Work instructions: Find how many lines in the material contain "PADRE"; your answer should be that number alone.

---------- Exercise materials

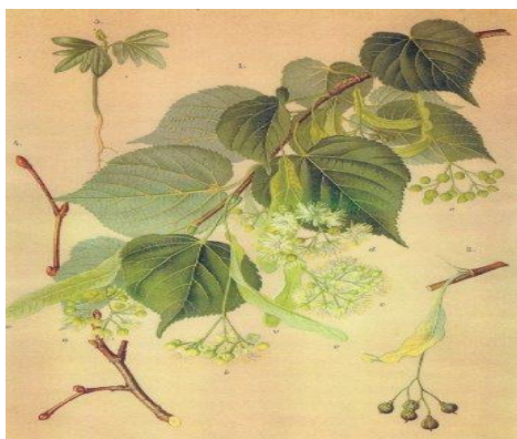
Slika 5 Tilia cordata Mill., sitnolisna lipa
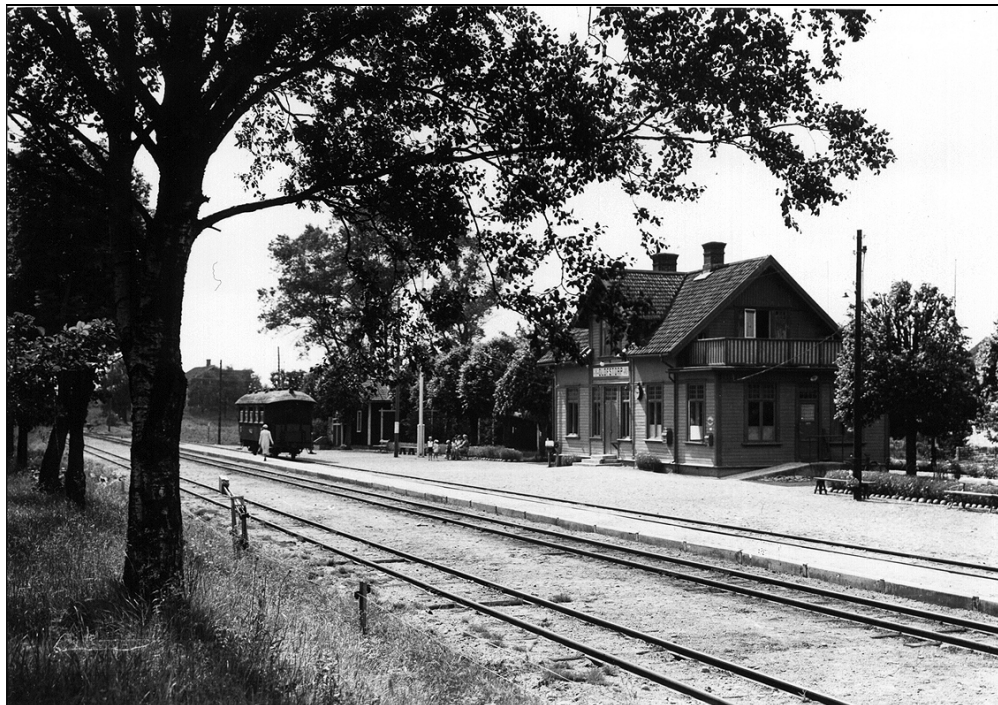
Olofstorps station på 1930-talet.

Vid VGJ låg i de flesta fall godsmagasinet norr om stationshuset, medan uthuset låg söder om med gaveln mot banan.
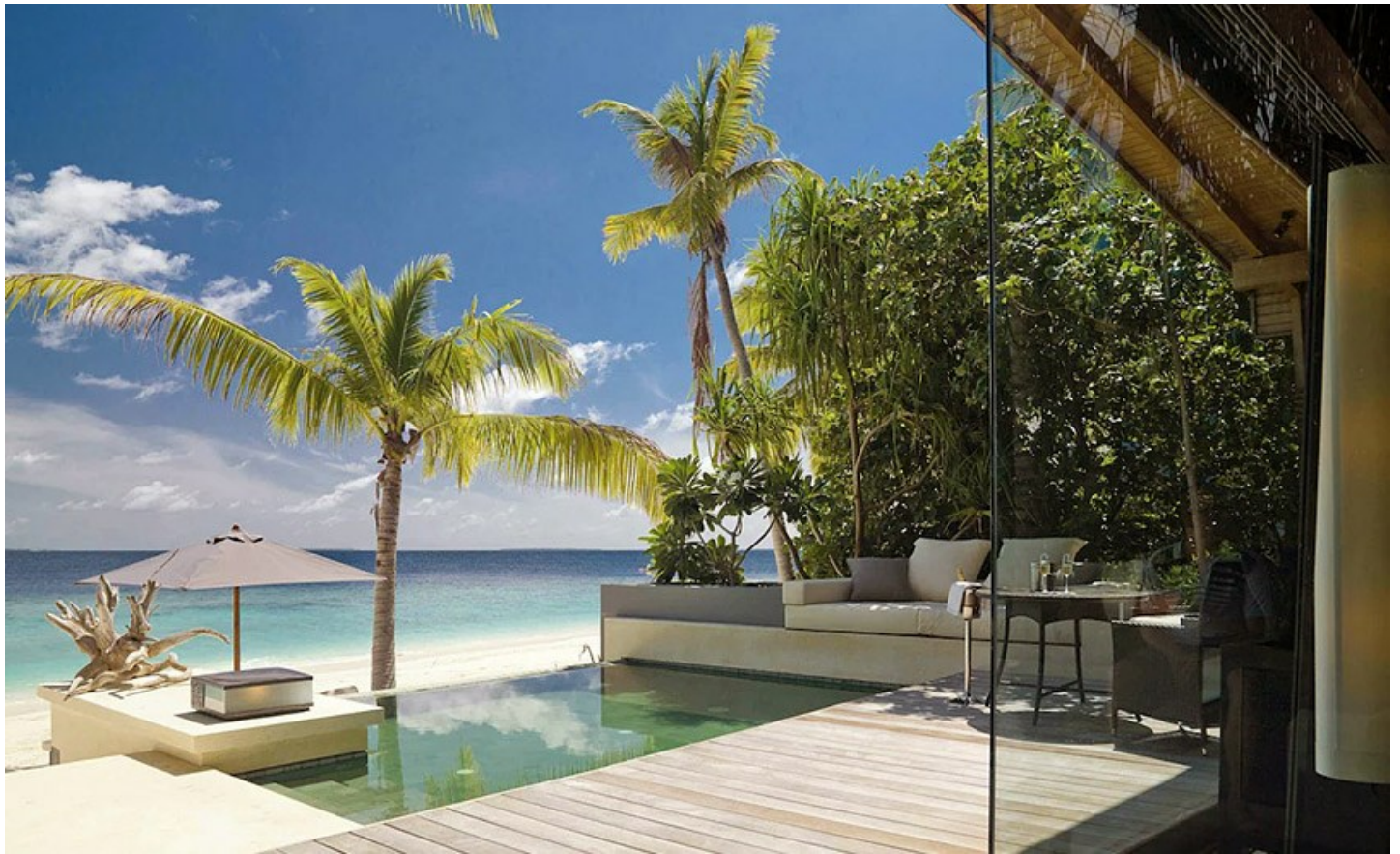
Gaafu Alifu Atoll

--------------------
---------- Exercise materials

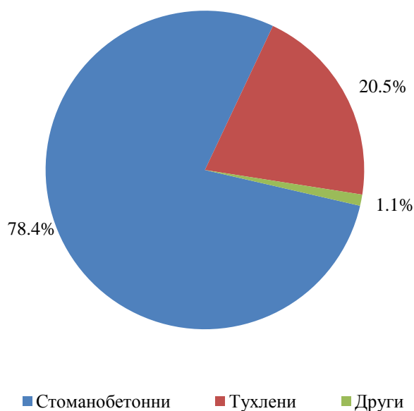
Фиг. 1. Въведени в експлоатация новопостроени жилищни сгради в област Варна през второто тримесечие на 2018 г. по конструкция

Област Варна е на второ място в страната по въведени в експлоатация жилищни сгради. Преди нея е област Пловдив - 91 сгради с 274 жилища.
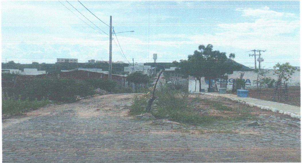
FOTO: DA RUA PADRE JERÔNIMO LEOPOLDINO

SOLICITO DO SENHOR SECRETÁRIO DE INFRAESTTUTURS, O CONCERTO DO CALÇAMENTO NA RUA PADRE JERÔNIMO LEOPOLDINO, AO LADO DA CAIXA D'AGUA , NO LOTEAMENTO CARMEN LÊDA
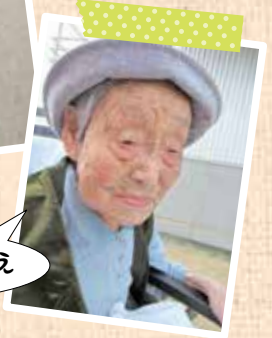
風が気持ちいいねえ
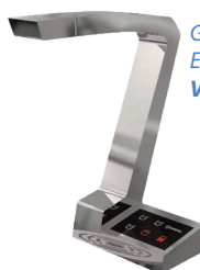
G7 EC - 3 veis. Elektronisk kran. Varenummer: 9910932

--------------------

Solved problem: 2